Employer Action Items
Employers that offer supplemental life coverage for their employees should review their plan policies with their benefits consultant or counsel.
Summary
The DOL’s Employee Benefits Security Administration (“EBSA”) investigated Unum’s and Lincoln’s administration of life insurance plans covered by the Employee Retirement Income Security Act (“ERISA”). EBSA found that the companies often accepted premiums without verifying if participants were insurable, leaving participants and their beneficiaries to believe they had coverage. Investigators learned Unum often denied benefits claims after a plan participant died, claiming it never received proof of insurability. This left beneficiaries without the life insurance benefits for which their loved ones had paid.
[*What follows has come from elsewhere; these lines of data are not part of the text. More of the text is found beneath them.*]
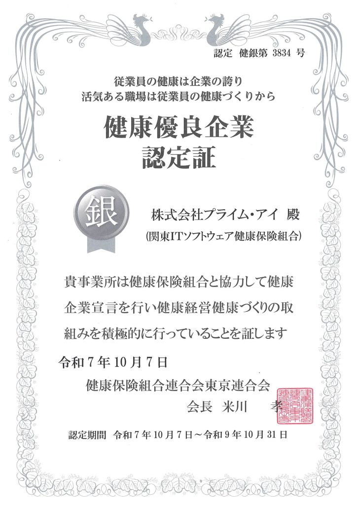 その結果、健康保険組合連合会東京連合会より2025年10月7日付で健康優良企業「銀の認定」(健銀第 3834 号)を受けましたことをお知らせいたします。
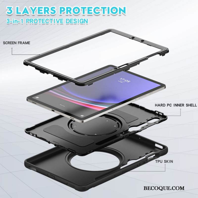Kuori Samsung Galaxy Tab S9 Iskunkestävä Tuella Ja Olkahihnalla
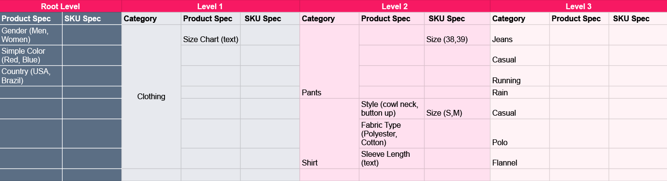 Before importing the store catalog to VTEX, we recommend that you start working on the category tree by creating a table such as the one below. This allows you to better view the tree's organization and the display of specifications.
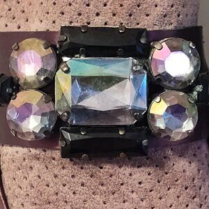 GADEA By Lodi Rhinestone Iridescent Gemstone Purple/Burgandy Suede Chunky Lug Sole Moccasin Loafers
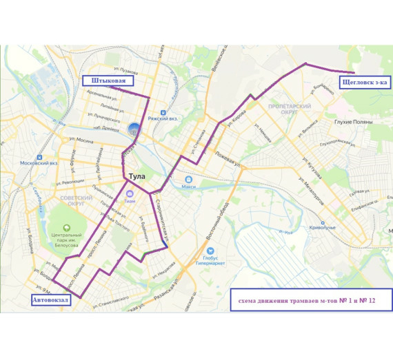 - № 12 — от ул. Штыковой до Автовокзала по обычной схеме, далее через улицу Ф. Энгельса, Советскую, Пролетарскую, Епифанскую, Марата, Кутузова до Щегловской Засеки;
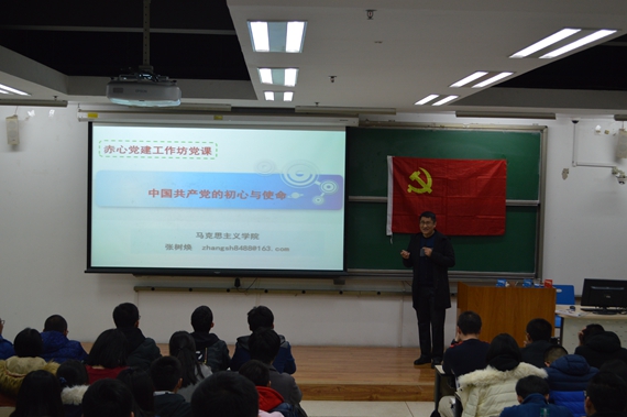 2018年11月11日晚,北航赤心党建工作坊第五期第四堂必修课于J3-105顺利举行。本次党课由北京麻豆精品秘 国产传媒马克思主义学院院长助理、副教授张树焕老师主讲,主题为《中国共产党的初心和使命》。本次课程主要分为三个部分:中国共产党的初心和使命是什么,为什么要“不忘初心,牢记使命”和怎样做到“不忘初心,牢记使命”。
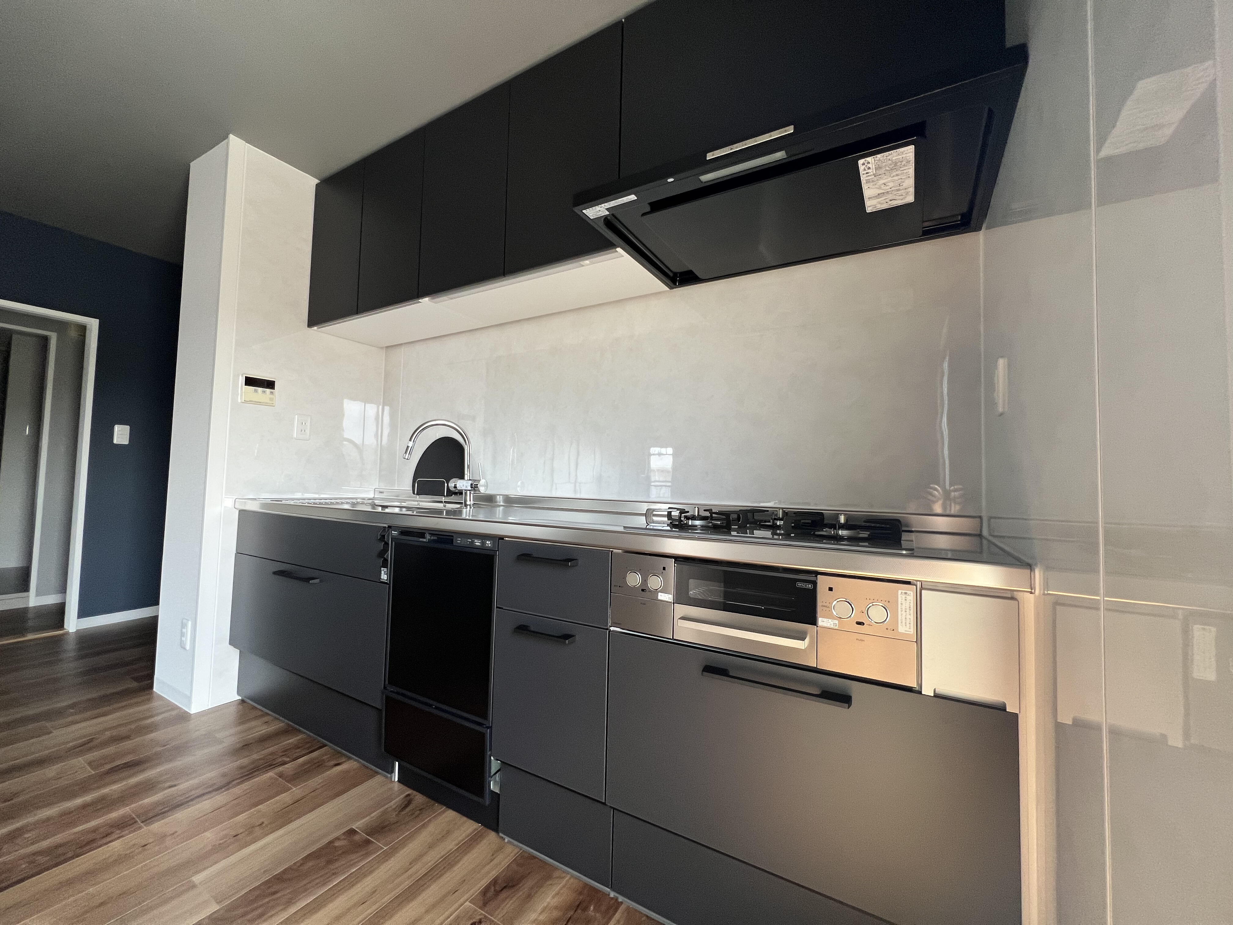 キッチンはリクシルのノクトを採用。デザインだけでなく使い勝手にもこだわり、食器の出し入れが楽なフロントオープンの食洗器を採用しました。

For Lincoln, the settlement forbids Lincoln from denying a beneficiary’s claim based on the lack of evidence of insurability if premiums have been received for three months or more.
Said Regional Solicitor Maia Fisher in Boston “[t]he U.S. Department of Labor will take appropriate action against any insurance company that collects regular premium payments from plan participants and later tries to wrongfully deny benefits based on technicalities like ‘insurability’ after the participant passes away.”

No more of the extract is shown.